**WORK REQUEST**
Make an exact copy of the records, dropping all pictures.

(Items listed in a dataset)
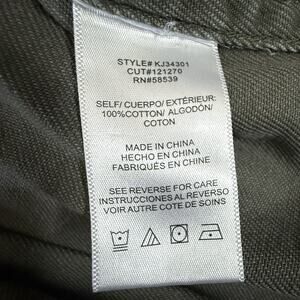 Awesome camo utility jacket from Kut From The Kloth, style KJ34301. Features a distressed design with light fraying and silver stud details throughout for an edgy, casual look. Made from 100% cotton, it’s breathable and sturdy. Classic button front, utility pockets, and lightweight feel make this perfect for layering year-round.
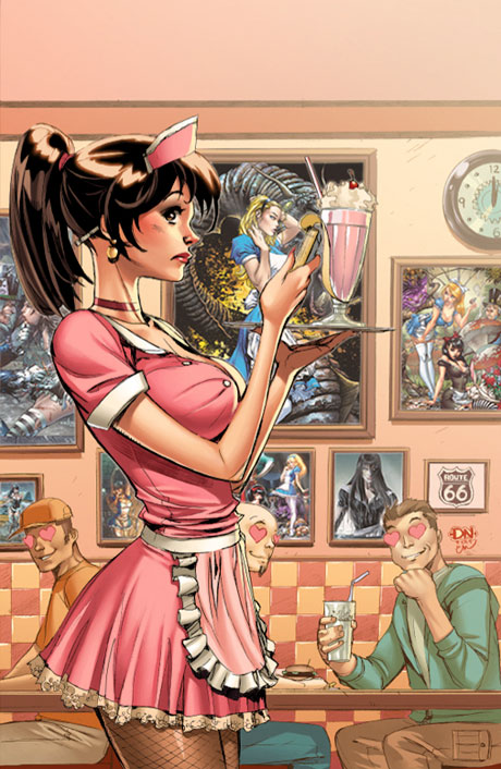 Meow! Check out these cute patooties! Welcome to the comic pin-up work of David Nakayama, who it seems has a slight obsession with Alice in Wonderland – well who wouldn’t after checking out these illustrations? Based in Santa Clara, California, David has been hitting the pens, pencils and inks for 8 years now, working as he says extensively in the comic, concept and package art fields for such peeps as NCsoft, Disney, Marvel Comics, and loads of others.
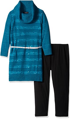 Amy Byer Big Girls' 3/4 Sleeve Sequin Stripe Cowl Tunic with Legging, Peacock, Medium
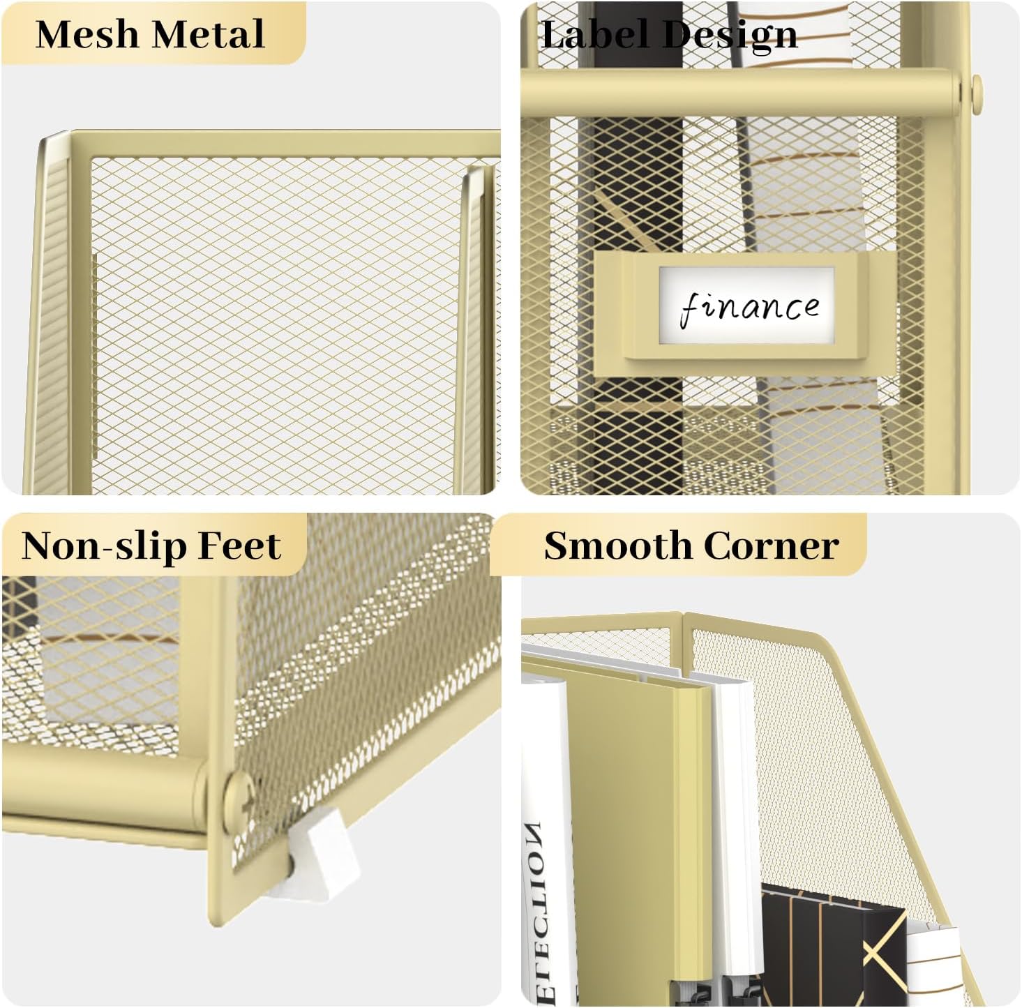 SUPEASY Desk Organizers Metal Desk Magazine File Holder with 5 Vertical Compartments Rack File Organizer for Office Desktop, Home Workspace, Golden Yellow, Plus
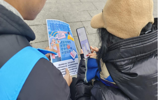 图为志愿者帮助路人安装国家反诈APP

**EXERCISE RESPONSE**
 Awesome camo utility jacket from Kut From The Kloth, style KJ34301. Features a distressed design with light fraying and silver stud details throughout for an edgy, casual look. Made from 100% cotton, it’s breathable and sturdy. Classic button front, utility pockets, and lightweight feel make this perfect for layering year-round.
 Meow! Check out these cute patooties! Welcome to the comic pin-up work of David Nakayama, who it seems has a slight obsession with Alice in Wonderland – well who wouldn’t after checking out these illustrations? Based in Santa Clara, California, David has been hitting the pens, pencils and inks for 8 years now, working as he says extensively in the comic, concept and package art fields for such peeps as NCsoft, Disney, Marvel Comics, and loads of others.
 Amy Byer Big Girls' 3/4 Sleeve Sequin Stripe Cowl Tunic with Legging, Peacock, Medium
 SUPEASY Desk Organizers Metal Desk Magazine File Holder with 5 Vertical Compartments Rack File Organizer for Office Desktop, Home Workspace, Golden Yellow, Plus
 图为志愿者帮助路人安装国家反诈APP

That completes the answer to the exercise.